INFORMATION PROVIDED:

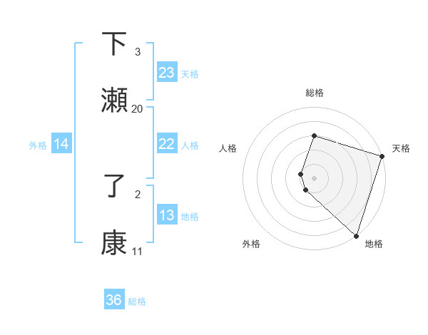 下瀬 了康さんを姓名の画数から五運を鑑定
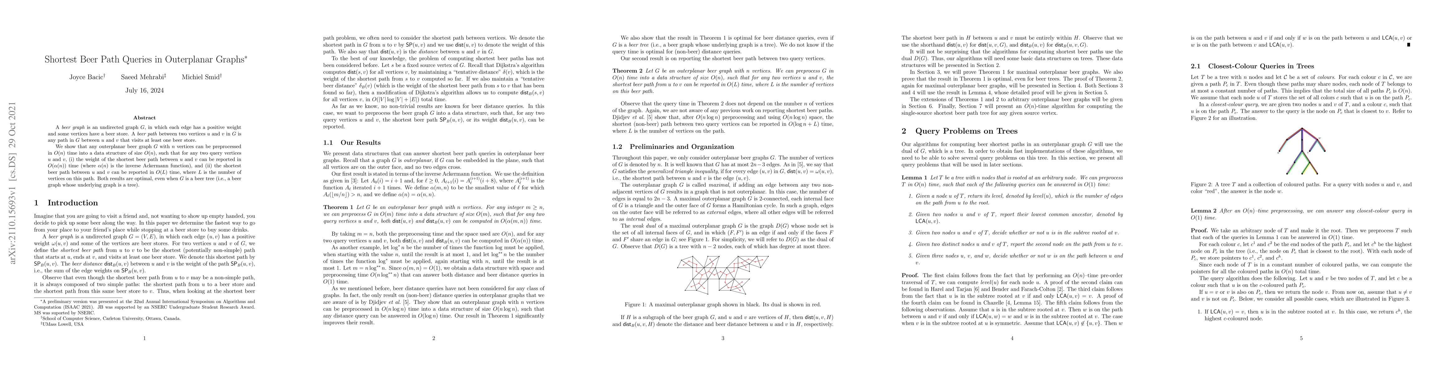 A \emph{beer graph} is an undirected graph $G$, in which each edge has a positive weight and some vertices have a beer store. A \emph{beer path} between two vertices $u$ and $v$ in $G$ is any path in $G$ between $u$ and $v$ that visits at least one beer store. We show that any outerplanar beer graph $G$ with $n$ vertices can be preprocessed in $O(n)$ time into a data structure of size $O(n)$, such that for any two query vertices $u$ and $v$, (i) the weight of the shortest beer path between $u$ and $v$ can be reported in $O(\alpha(n))$ time (where $\alpha(n)$ is the inverse Ackermann function), and (ii) the shortest beer path between $u$ and $v$ can be reported in $O(L)$ time, where $L$ is the number of vertices on this path. Both results are optimal, even when $G$ is a beer tree (i.e., a beer graph whose underlying graph is a tree).
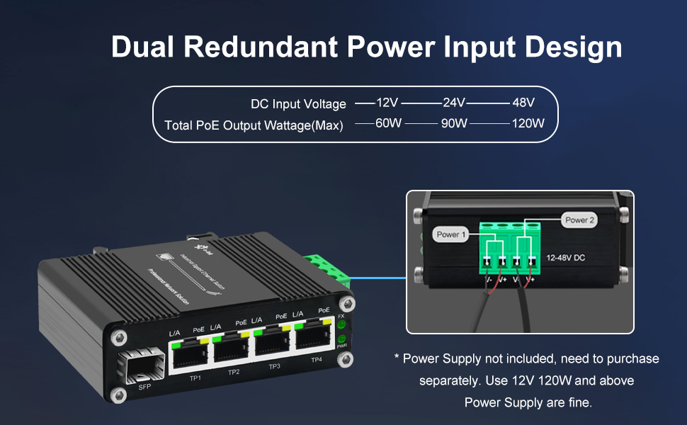 ► Up to 120-watt PoE budget (48VDC), 90-watt PoE budget (24VDC), 60-watt PoE budget (12VDC)
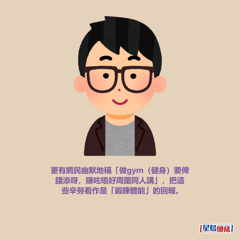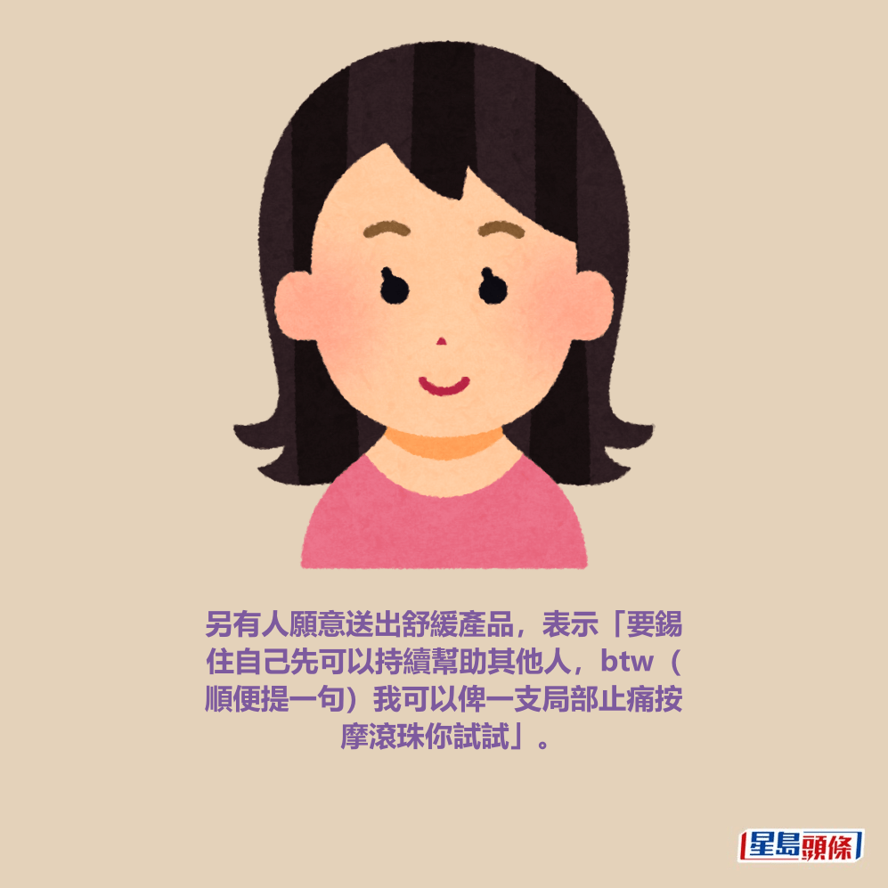 另有人願意送出舒緩產品,表示「要錫住自己先可以持續幫助其他人,btw(順便提一句)我可以俾一支局部止痛按摩滾珠你試試」。更有網民幽默地稱「做gym(健身)要俾錢添呀,賺咗唔好周圍同人講」,把這些辛勞看作是「鍛鍊體能」的回報。

TASK DETAILS:
The lines to copy run from the one with "PoE budget (12VDC)" through the end of the material. Write them out exactly, leaving out the pictures.

RESPONSE TO THE EXERCISE:
 ► Up to 120-watt PoE budget (48VDC), 90-watt PoE budget (24VDC), 60-watt PoE budget (12VDC)
 另有人願意送出舒緩產品,表示「要錫住自己先可以持續幫助其他人,btw(順便提一句)我可以俾一支局部止痛按摩滾珠你試試」。更有網民幽默地稱「做gym(健身)要俾錢添呀,賺咗唔好周圍同人講」,把這些辛勞看作是「鍛鍊體能」的回報。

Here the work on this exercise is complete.